_What to produce_. Take the lines in the listing below from the line with "JERSEY'S RADIANT (Waite)—Large" up to and including the line with "FACEBOX is an" and set them down exactly, skipping pictures and adding nothing.

_The data_.
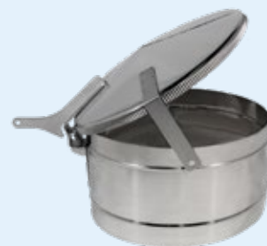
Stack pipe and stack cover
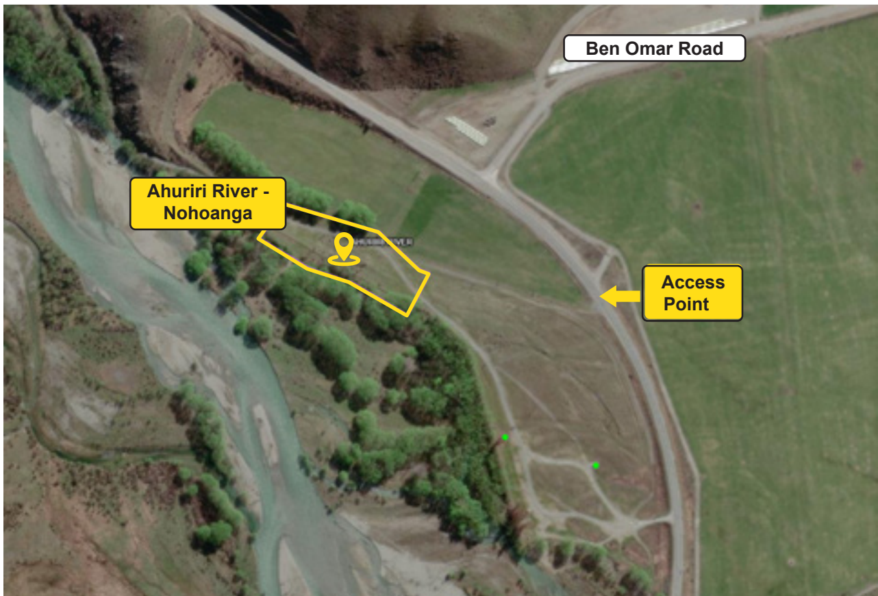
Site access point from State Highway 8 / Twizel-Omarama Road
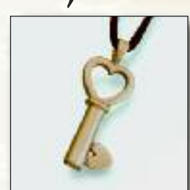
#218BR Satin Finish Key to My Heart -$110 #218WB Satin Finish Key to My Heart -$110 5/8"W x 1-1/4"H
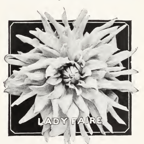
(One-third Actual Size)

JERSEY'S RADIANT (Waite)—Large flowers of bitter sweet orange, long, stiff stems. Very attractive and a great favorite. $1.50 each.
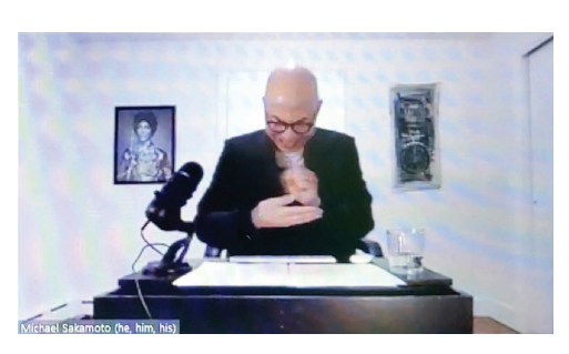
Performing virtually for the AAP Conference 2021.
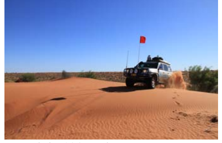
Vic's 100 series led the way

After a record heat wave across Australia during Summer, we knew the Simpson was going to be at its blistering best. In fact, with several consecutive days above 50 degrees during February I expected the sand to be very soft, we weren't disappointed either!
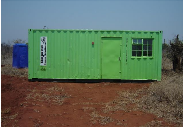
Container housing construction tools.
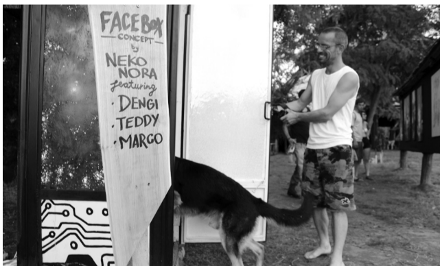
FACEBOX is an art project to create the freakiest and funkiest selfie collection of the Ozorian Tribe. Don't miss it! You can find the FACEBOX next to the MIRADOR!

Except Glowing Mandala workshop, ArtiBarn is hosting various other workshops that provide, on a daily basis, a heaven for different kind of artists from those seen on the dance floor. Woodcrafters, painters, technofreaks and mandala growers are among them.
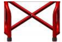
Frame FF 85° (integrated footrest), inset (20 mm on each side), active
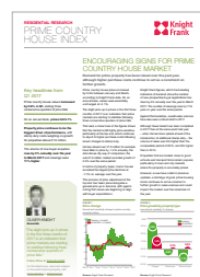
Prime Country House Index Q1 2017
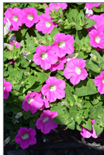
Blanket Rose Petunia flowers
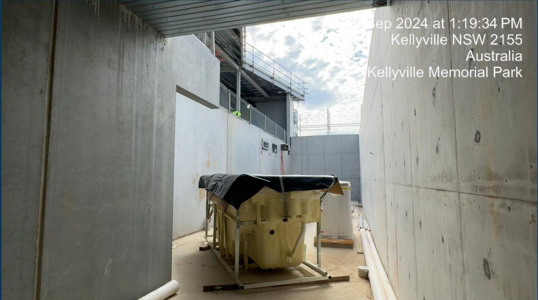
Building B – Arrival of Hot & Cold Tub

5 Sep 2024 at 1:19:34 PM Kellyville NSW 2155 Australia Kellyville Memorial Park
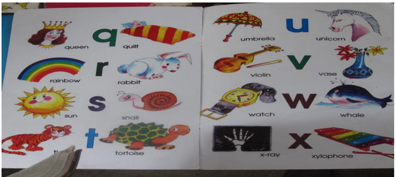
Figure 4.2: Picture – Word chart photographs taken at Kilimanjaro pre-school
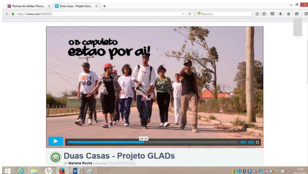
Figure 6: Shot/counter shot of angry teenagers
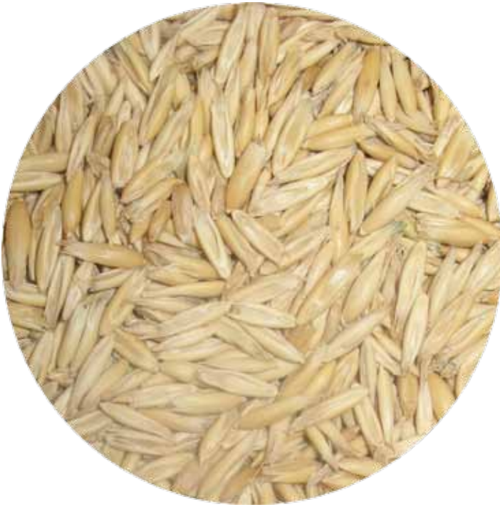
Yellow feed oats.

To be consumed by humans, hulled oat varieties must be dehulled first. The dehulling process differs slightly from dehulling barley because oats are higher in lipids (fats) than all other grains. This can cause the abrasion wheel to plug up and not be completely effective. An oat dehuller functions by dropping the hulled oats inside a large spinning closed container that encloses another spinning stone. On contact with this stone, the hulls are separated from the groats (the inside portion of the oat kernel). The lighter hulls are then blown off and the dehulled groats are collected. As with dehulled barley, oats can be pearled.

---

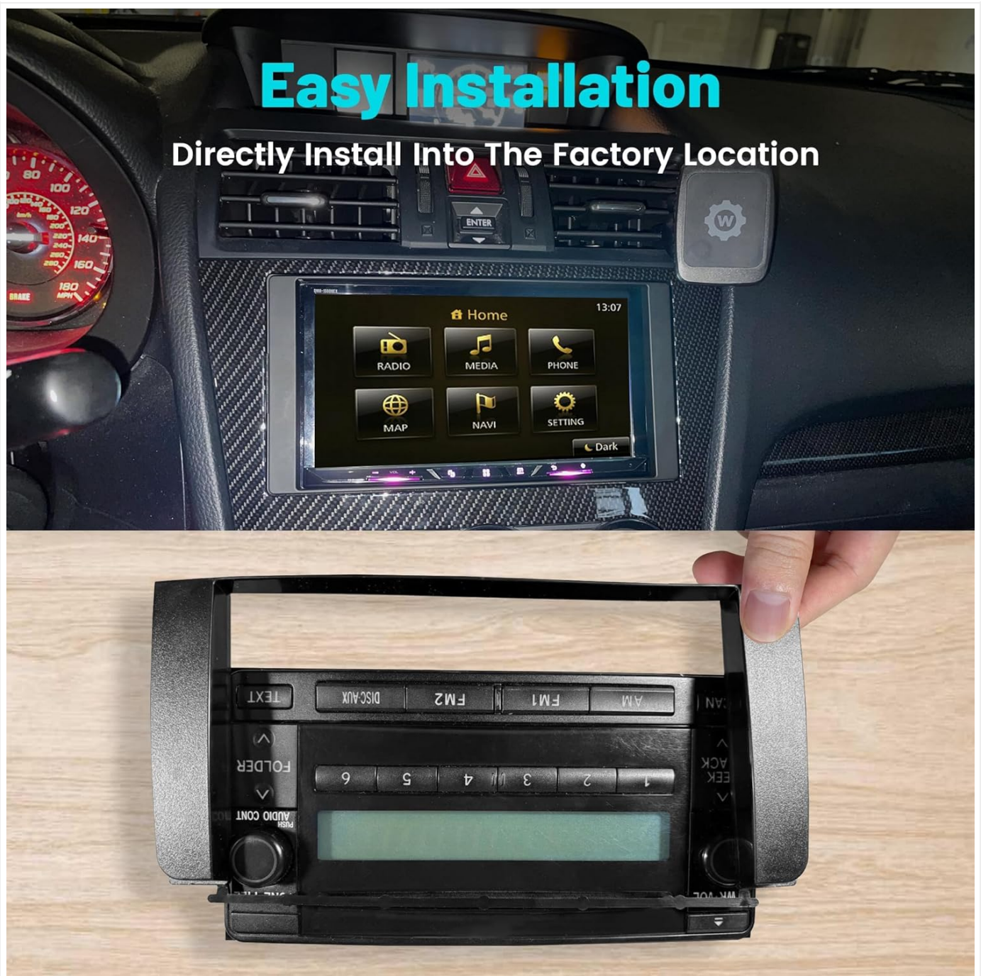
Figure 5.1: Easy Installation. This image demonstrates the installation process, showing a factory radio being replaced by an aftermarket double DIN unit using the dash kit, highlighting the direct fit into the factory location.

---

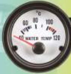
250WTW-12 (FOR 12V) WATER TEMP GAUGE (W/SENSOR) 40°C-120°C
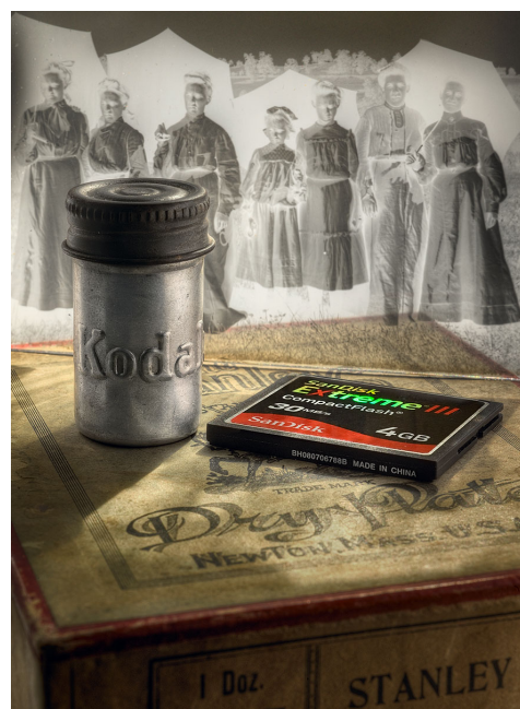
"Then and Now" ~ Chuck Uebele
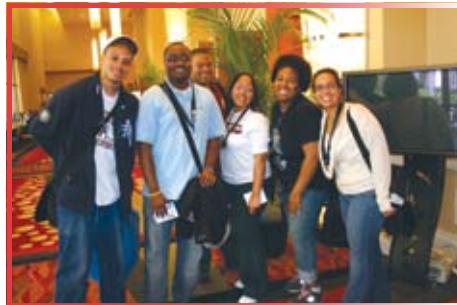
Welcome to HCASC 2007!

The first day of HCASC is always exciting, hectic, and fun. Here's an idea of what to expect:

_Output of the exercise_.
JERSEY'S RADIANT (Waite)—Large flowers of bitter sweet orange, long, stiff stems. Very attractive and a great favorite. $1.50 each.
Performing virtually for the AAP Conference 2021.
Vic's 100 series led the way

After a record heat wave across Australia during Summer, we knew the Simpson was going to be at its blistering best. In fact, with several consecutive days above 50 degrees during February I expected the sand to be very soft, we weren't disappointed either!
Container housing construction tools.
FACEBOX is an art project to create the freakiest and funkiest selfie collection of the Ozorian Tribe. Don't miss it! You can find the FACEBOX next to the MIRADOR!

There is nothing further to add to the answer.